Plasmodium parasites progress through two different stages of life in humans and other mammals, the first of which occurs in the liver, and causes no symptoms of disease. The second stage of Plasmodium life occurs in the red blood cells, and it is here that the parasites can cause severe illness and death. Most current antimalarial compounds target only the malaria parasites growing in the blood, but a great need exists for compounds which could successfully eliminate the parasites in the liver as well, before they begin causing illness.

In work published online today in the journal PNAS, researchers at the Instituto de Medicina Molecular (IMM), in Lisbon, Portugal, have discovered a new class of highly potent antimalarial compounds. These compounds, referred to as Torins, were originally developed by researchers in the Boston, MA to inhibit a key human protein involved in cell growth, mTOR, and have been shown to be effective anticancer agents in rodent models. In research perdormed by Dr. Kirsten Hanson in the laboratory of Dr. Maria Mota, the IMM team and their collaborators have discovered that Torins are extremely effective multistage antimalarials; Torins appear to have a novel activity against the Plasmodium parasites themselves, distinct from both currently used malaria therapeutics and from their ability to target human mTOR.

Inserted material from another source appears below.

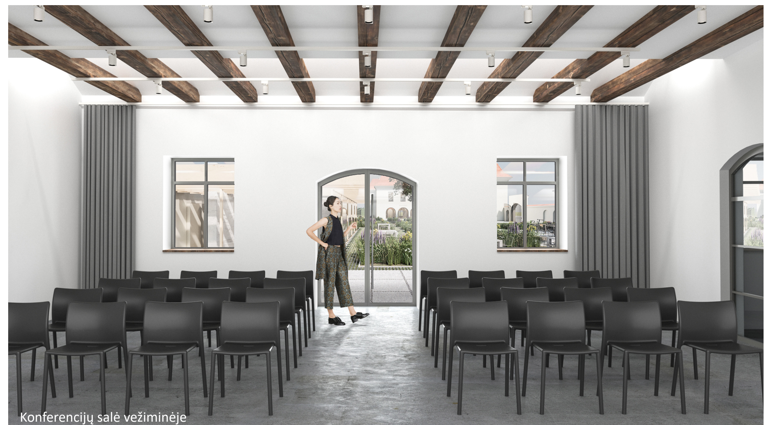
Konferencijų salė vežiminyje

Torins are capable of killing the cultured blood stages of the human parasite, Plasmodium falciparum, the species which causes most malaria deaths and severe disease, and are equally potent against the liver stages of a model rodent parasite. A single dose of the compound Torin2 delivered at the beginning of the P. berghei liver stage is sufficient to eliminate infection in mice before any Plasmodium parasites reach the blood. "Given the alarming trend of resistance to our current antimalarial therapies, this is really an exciting finding," says Dr. Mota, the senior author of the study, "and we are already working to develop Torin molecules suitable for clinical trials of antimalarial activity in humans."